##### COLLECTED DATA #####

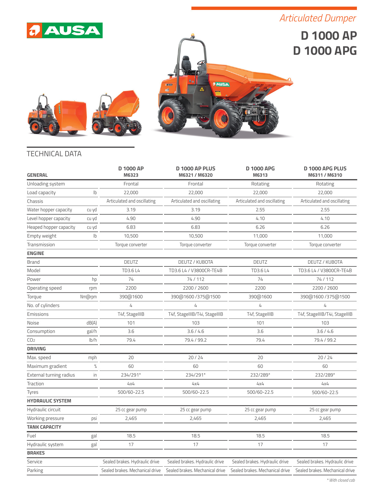 Con una carga útil de 10 toneladas (22,000 lbs), es el dúmper articulado de AUSA con la carga útil más alta y el único del mercado con esta carga útil que está equipada con un salto de punta oscilante, lo que lo hace muy versátil.
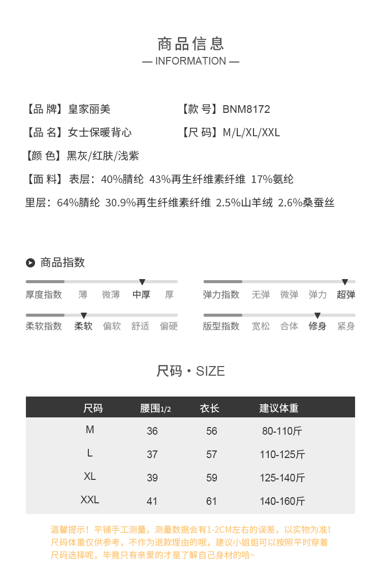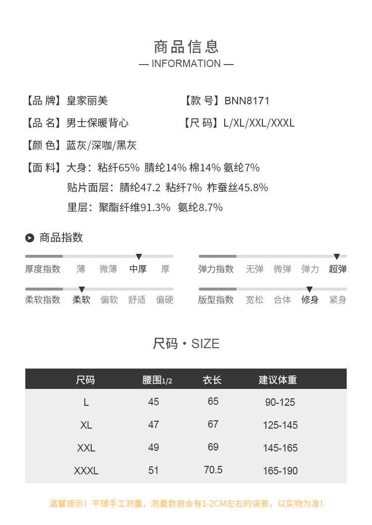 皇家丽美中厚款弹力大柔软吸湿透气男士女士保暖背心BNN8171BNM8172
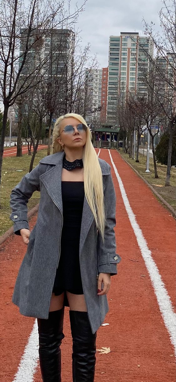 Gri çizgili uzun denim kaban, kürk detaylı ve kesik yaka. Regular fit ve uzun kollu, outdoor sokak stiline uygun. S-M beden mevcuttur

#####

*EXERCISE GOAL*: Using the data above, print every line exactly, omitting pictures.

*ANSWER SPACE*:
 Con una carga útil de 10 toneladas (22,000 lbs), es el dúmper articulado de AUSA con la carga útil más alta y el único del mercado con esta carga útil que está equipada con un salto de punta oscilante, lo que lo hace muy versátil.
 皇家丽美中厚款弹力大柔软吸湿透气男士女士保暖背心BNN8171BNM8172
 Gri çizgili uzun denim kaban, kürk detaylı ve kesik yaka. Regular fit ve uzun kollu, outdoor sokak stiline uygun. S-M beden mevcuttur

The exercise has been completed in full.